** What is expected **
Once the line holding "MISHOW Chinese Stand" is found in the listing below, write it out and each later line exactly, up to and including the one holding "non functional. |".

** Information provided **

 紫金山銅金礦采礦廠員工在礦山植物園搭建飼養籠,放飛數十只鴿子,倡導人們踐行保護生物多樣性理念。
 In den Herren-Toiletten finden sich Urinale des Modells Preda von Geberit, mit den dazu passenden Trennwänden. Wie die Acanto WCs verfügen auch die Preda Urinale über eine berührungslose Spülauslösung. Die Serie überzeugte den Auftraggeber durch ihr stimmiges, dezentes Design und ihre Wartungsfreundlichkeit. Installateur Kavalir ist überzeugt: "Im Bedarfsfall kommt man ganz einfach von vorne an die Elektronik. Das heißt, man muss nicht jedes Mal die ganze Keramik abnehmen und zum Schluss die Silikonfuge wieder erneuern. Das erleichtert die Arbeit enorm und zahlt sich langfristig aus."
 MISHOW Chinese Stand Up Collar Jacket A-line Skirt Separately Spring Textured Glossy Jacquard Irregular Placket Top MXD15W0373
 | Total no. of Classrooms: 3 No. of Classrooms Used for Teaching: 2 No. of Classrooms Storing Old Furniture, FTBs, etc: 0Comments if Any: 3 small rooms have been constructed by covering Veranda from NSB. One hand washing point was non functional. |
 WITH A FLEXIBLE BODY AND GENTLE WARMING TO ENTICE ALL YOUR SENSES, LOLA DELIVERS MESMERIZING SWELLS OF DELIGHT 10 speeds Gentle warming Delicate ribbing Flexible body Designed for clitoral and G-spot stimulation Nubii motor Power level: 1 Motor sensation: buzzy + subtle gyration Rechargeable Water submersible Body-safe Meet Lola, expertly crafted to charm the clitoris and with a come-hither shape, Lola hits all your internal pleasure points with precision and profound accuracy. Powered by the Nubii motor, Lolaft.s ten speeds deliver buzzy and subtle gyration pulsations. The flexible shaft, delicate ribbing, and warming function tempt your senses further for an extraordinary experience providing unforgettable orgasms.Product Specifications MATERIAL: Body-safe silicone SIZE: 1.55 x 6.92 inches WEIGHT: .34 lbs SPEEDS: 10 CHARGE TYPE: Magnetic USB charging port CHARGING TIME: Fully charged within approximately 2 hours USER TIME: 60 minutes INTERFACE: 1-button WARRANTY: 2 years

...

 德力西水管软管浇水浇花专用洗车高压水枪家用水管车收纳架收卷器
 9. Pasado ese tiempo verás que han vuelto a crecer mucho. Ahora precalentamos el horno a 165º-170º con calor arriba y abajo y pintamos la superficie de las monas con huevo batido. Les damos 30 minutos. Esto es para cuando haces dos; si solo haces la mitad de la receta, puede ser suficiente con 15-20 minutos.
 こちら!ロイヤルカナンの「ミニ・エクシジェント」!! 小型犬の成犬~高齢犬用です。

** The answer **
 MISHOW Chinese Stand Up Collar Jacket A-line Skirt Separately Spring Textured Glossy Jacquard Irregular Placket Top MXD15W0373
 | Total no. of Classrooms: 3 No. of Classrooms Used for Teaching: 2 No. of Classrooms Storing Old Furniture, FTBs, etc: 0Comments if Any: 3 small rooms have been constructed by covering Veranda from NSB. One hand washing point was non functional. |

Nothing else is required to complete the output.